For certain materials and powders, porosity is a characteristic of great importance. Porosity is a measure of the voids or pores in a solid substance, and is defined as the ratio of the sample’s void volume and total volume.

There are a number of ways to measure the void volume, and mercury porosimetry is one widely used technique. Mercury is introduced under pressure into a sample container. As the pressure is increased, the mercury is forced into smaller and smaller voids in the sample. The volume of the filled voids is thus equal to the volume of intruded mercury, which the porosimeter measures. Because this volume depends on the applied pressure, the instrument builds up a curve of pore volume versus pressure. Making use of a mathematical relation between the actual size of an idealized cylindrical pore and the pressure, porosimetry can provide measurements of the actual size and distribution of the voids in the sample.

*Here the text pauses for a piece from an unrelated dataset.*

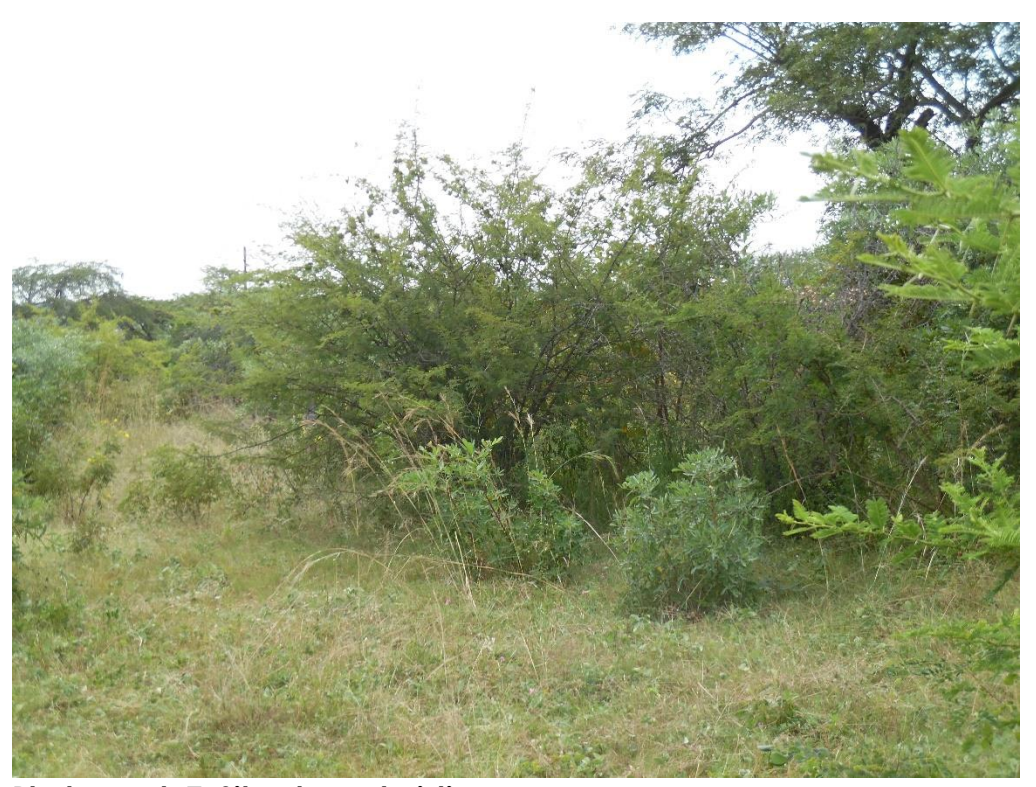
Photograph 7: Site characteristics

The pore size is inversely proportional to the pressure, so that smaller pores require higher pressures to reach. Thus, one way to differentiate mercury porosimeters is by the maximum pressure reached by the system. Typical high-pressure systems reach pressures thousands of times greater than atmospheric pressure, corresponding to pore sizes with diameters of about a nanometer.

While mercury has advantages for this technique, since it is a nonwetting fluid, there are also drawbacks. With some metal samples, the mercury will amalgamate under pressure. Mercury can also be physically left behind in voids, requiring elaborate recovery methods or difficulties in disposal. To eliminate these difficulties, the same method of intrusion porosimetry can be used with other fluids. Nevertheless, mercury porosimetry faces competition from completely different methods, such as those involving gas exchange or direct microscopic inspection of the sample.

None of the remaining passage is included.